◆ Your instructions
No pictures belong in the copy. Restate the rest of the data exactly.

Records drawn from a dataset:
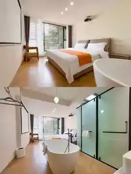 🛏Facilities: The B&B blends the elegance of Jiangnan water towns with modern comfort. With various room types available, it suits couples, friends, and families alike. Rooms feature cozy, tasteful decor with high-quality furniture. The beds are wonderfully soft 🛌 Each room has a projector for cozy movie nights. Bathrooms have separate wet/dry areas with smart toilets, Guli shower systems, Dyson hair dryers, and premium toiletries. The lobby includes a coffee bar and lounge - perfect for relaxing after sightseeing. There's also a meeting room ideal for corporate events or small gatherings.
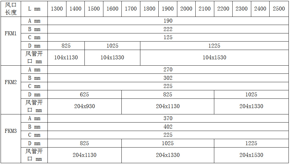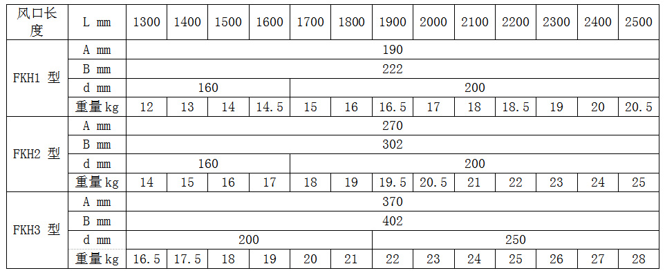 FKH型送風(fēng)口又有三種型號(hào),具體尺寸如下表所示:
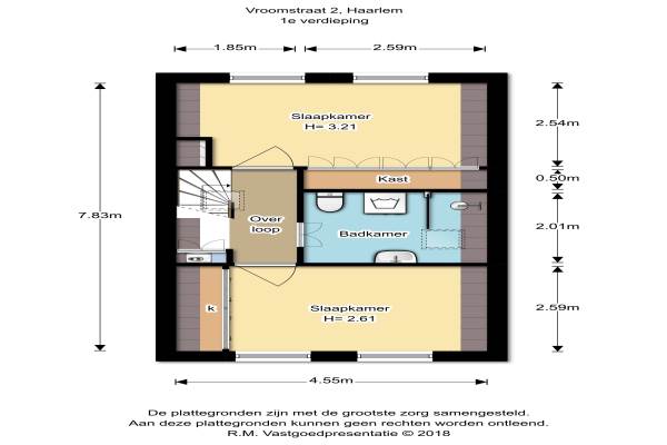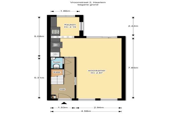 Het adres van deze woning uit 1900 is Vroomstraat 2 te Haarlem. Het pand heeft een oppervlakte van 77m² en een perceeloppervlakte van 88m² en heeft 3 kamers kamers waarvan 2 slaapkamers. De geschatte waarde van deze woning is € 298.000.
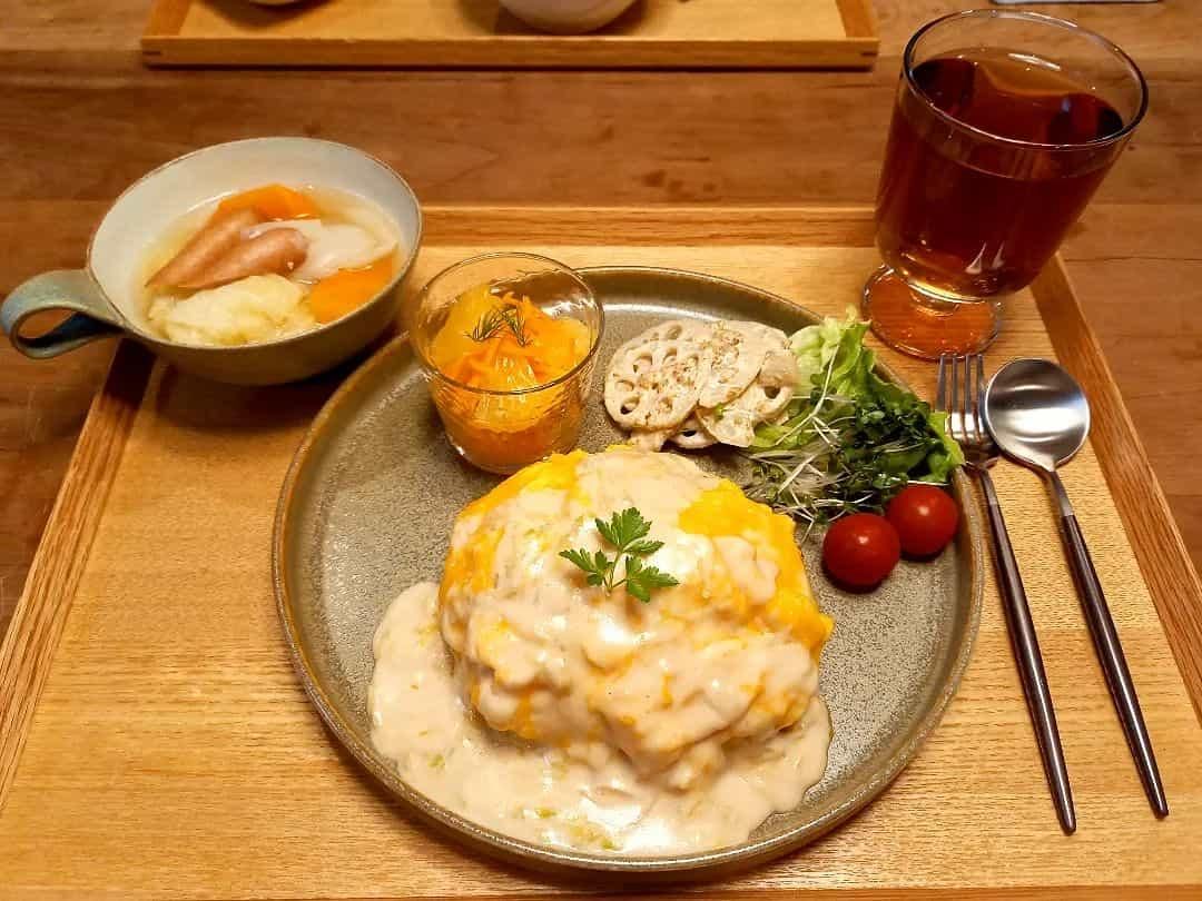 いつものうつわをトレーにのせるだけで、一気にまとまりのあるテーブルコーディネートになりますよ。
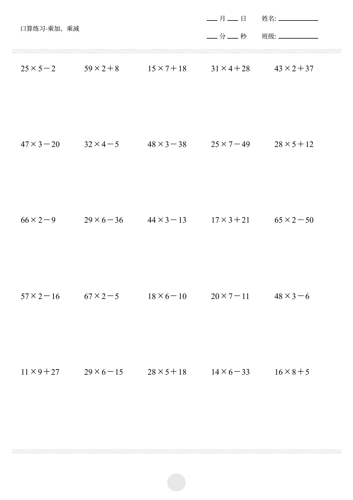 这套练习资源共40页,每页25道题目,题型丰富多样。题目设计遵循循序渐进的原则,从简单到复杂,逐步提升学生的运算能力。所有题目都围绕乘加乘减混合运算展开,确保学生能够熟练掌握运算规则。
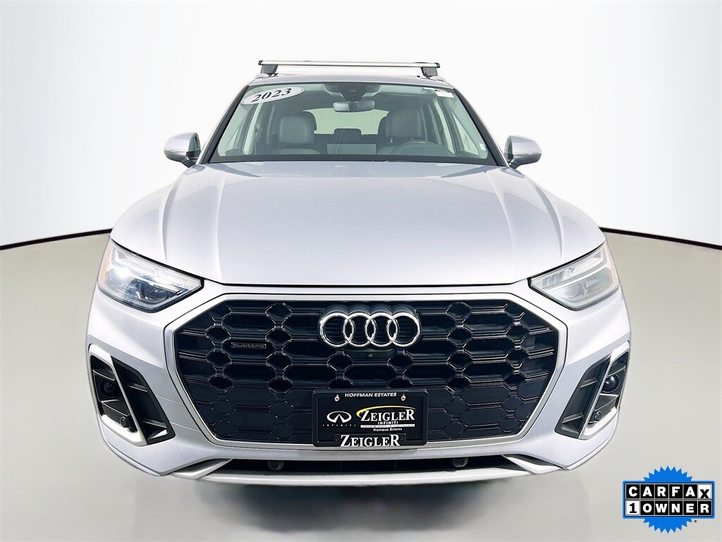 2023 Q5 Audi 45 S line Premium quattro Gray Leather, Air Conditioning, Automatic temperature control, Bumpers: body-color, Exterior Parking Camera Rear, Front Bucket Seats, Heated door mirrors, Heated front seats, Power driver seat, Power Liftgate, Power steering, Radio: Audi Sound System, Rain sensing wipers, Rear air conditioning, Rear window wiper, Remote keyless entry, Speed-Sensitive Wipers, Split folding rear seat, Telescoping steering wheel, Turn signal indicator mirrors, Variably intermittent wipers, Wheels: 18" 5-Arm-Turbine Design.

◆ Answer space
 🛏Facilities: The B&B blends the elegance of Jiangnan water towns with modern comfort. With various room types available, it suits couples, friends, and families alike. Rooms feature cozy, tasteful decor with high-quality furniture. The beds are wonderfully soft 🛌 Each room has a projector for cozy movie nights. Bathrooms have separate wet/dry areas with smart toilets, Guli shower systems, Dyson hair dryers, and premium toiletries. The lobby includes a coffee bar and lounge - perfect for relaxing after sightseeing. There's also a meeting room ideal for corporate events or small gatherings.
 FKH型送風(fēng)口又有三種型號(hào),具體尺寸如下表所示:
 Het adres van deze woning uit 1900 is Vroomstraat 2 te Haarlem. Het pand heeft een oppervlakte van 77m² en een perceeloppervlakte van 88m² en heeft 3 kamers kamers waarvan 2 slaapkamers. De geschatte waarde van deze woning is € 298.000.
 いつものうつわをトレーにのせるだけで、一気にまとまりのあるテーブルコーディネートになりますよ。
 这套练习资源共40页,每页25道题目,题型丰富多样。题目设计遵循循序渐进的原则,从简单到复杂,逐步提升学生的运算能力。所有题目都围绕乘加乘减混合运算展开,确保学生能够熟练掌握运算规则。
 2023 Q5 Audi 45 S line Premium quattro Gray Leather, Air Conditioning, Automatic temperature control, Bumpers: body-color, Exterior Parking Camera Rear, Front Bucket Seats, Heated door mirrors, Heated front seats, Power driver seat, Power Liftgate, Power steering, Radio: Audi Sound System, Rain sensing wipers, Rear air conditioning, Rear window wiper, Remote keyless entry, Speed-Sensitive Wipers, Split folding rear seat, Telescoping steering wheel, Turn signal indicator mirrors, Variably intermittent wipers, Wheels: 18" 5-Arm-Turbine Design.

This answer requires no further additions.